3. selezione di tracce di singola molecola

  1. Analisi dei dati avviene con in-House scripts utilizzando Igor Pro. Caricare tutti gli script necessari con l'apertura di "iniTIRF.ipf" e selezionare il corretto tipo di esperimento.
    Nota: In seguito, < Button > specifica di elementi selezionabili nel menu o l'interfaccia utente. Chiamate di funzione sono indicate tra virgolette, ad esempio, "Print"Hello World"". Questi comandi possono essere incollati alla riga di comando di Igor Pro (senza le virgolette che lo contiene).
  2. Assicurarsi che i parametri per la registrazione del canale di rilevamento vengono caricati.
  3. Avviare l'interfaccia grafica facendo clic su < smFRET nuovo | Analisi GUI >.
  4. Caricare i film (cioè, la sequenza di fotogrammi con 512 x 512 pixel archiviati come pile TIFF a 16 bit) che tengono l'intensità nei rispettivi canali. Eseguire questa operazione premendo il pulsante < carico Film > e selezionando i file dal cosiddetto "Maestro" e "slave" telecamere uno dopo l'altro.
  5. Identificare le posizioni di potenziale singole molecole tramite la ricerca per le macchie più brillanti nella somma dei primi cinque fotogrammi in un certo canale di rilevamento. Calcolare le posizioni corrispondenti in tutti gli altri canali di rilevamento dalla mappatura canale.
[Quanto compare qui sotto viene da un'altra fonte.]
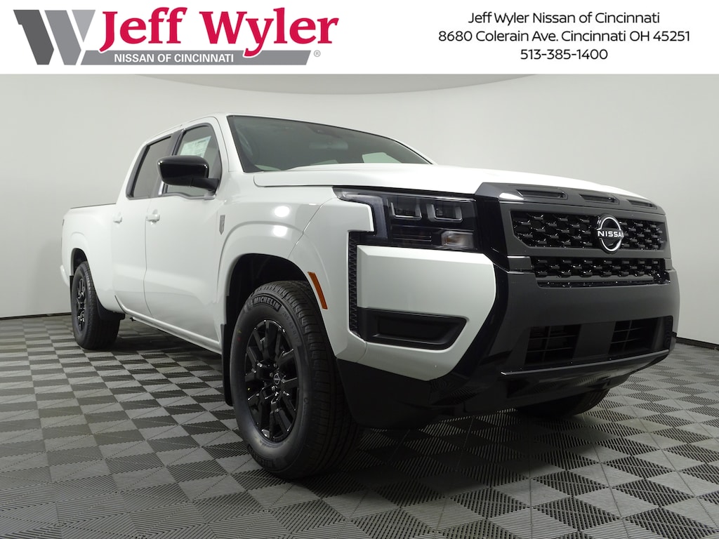 $2,978 off MSRP! Glacier White 2026 Nissan Frontier SV RWD 9-Speed Automatic with Overdrive Jeff Wyler Nissan of Cincinnati is pumped up to offer this fantastic-looking 2026 Nissan Frontier SV in Glacier White. Well equipped with: Dark Armor Package (Dark FRONTIER Tailgate Lettering, Dark Grill Surround/Mesh/Inner Fascia, Dark Mirror Caps, and Wheels: 17" Dark), SV Convenience Package (120V Power Outlet in Bed, 120V Power Outlet in Rear Center Console, Bed Under-Rail Lighting, Heated Front Seats, Heated Leather Steering Wheel, Heated Outside Mirrors, HVAC - Dual-Zone Front Auto A/C, I-Key w/Request Switches on O/S Handles, Locking Glove Box, Remote Engine Starter, Spray-In Bedliner, Tow/Haul Mode Switch, Trailer Hitch w/Wiring Harness, and Utili-Track System), 17" Alloy Wheels, 3.692 Axle Ratio, 4-Wheel Disc Brakes, 6 Speakers, ABS brakes, Air Conditioning, Alloy wheels, AM/FM radio: SiriusXM, Anti-whiplash front head restraints, Auto High-beam Headlights, Blind Spot Warning, Brake assist, Bumpers: body-color, Carpeted Floor Mats, Delay-off headlights, Driver door bin, Driver vanity mirror, Dual front impact airbags, Dual front side impact airbags, Electronic Stability Control, Electronic Tailgate Lock, Emergency communication system, Front anti-roll bar, Front Bucket Seats, Front Center Armrest, Front reading lights, Front wheel independent suspension, Fully automatic headlights, Heated door mirrors, Illuminated entry, Knee airbag, Low tire pressure warning, Occupant sensing airbag, Overhead airbag, Overhead console, Panic alarm, Passenger door bin, Passenger vanity mirror, Power door mirrors, Power driver seat, Power steering, Power windows, Premium Cloth Seat Trim, Radio data system, Radio: SXM/AM/FM/AUX/USB Audio System, Rear anti-roll bar, Rear seat center armrest, Rear side impact airbag, Rear step bumper, Remote keyless entry, Security system, Speed control, Speed-sensing steering, Splash Guards, Split folding rear seat, Steering wheel mounted audio controls, Tachometer, Telescoping steering wheel, Tilt steering wheel, Traction control, Trip computer, Variably intermittent wipers, Voltmeter, and Wireless Apple CarPlay/Wireless Android Auto. 3.8L DI DOHC 24V V6Recent Arrival!Wyler Family First Package Includes: NanoCure Appearance Protection: Exterior & Interior Chemical Sealant Applied to Protect Against Environmental Hazards (7 Year Warranty Coverage). Pulse- Rear end Collision Avoidance System Theft Deterrent Strategy gives you 5 Years of Coverage against vehicle Theft, Offering up to a $5,000 benefit. Price includes: $2000 - Nissan Customer Cash. Exp. 11/03/2025

Per ottenere la traccia di intensità di fluorescenza, sommare l'intensità di un quadrato di pixel intorno alla posizione centrale per ogni fotogramma. Eseguire questa operazione premendo il pulsante < trovare tracce > nella GUI.
    Nota: La lunghezza del lato del quadrato (in pixel) è dato da: 2 * < somma Pxs > + 1.
  6. Per ogni molecola, è necessario calcolare una traccia comune intensità prima come la somma di tutte le tracce di questo posto con lo stesso colore di eccitazione. Valutare il profilo di intensità della molecola in tutti i canali per i seguenti criteri:
    1. Un grosso modo piatto altopiano dell'intensità di crudo misto e una decolorazione singolo passo per tutti i colori di eccitazione, anticorrelated comportamento nei canali di rilevamento, rilevamento della fluorescenza rossa (che indica FRET per un associato AMP-PNP *) almeno una volta all'interno del traccia e non più passaggi nella fluorescenza rossa, che indicherebbe la presenza di due AMP-PNP * associato a un dimero di Hsp90.
  7. Se questi criteri sono soddisfatti, salvare le tracce di fluorescenza dello spot per ulteriori analisi. Fare questo selezionando la traccia con il cursore e premendo il pulsante < Salva > nel grafico "timeline". Controllare manualmente le tracce di intensità in tutti i tre canali di rilevamento dopo l'eccitazione blu per circa 200 molecole per il film.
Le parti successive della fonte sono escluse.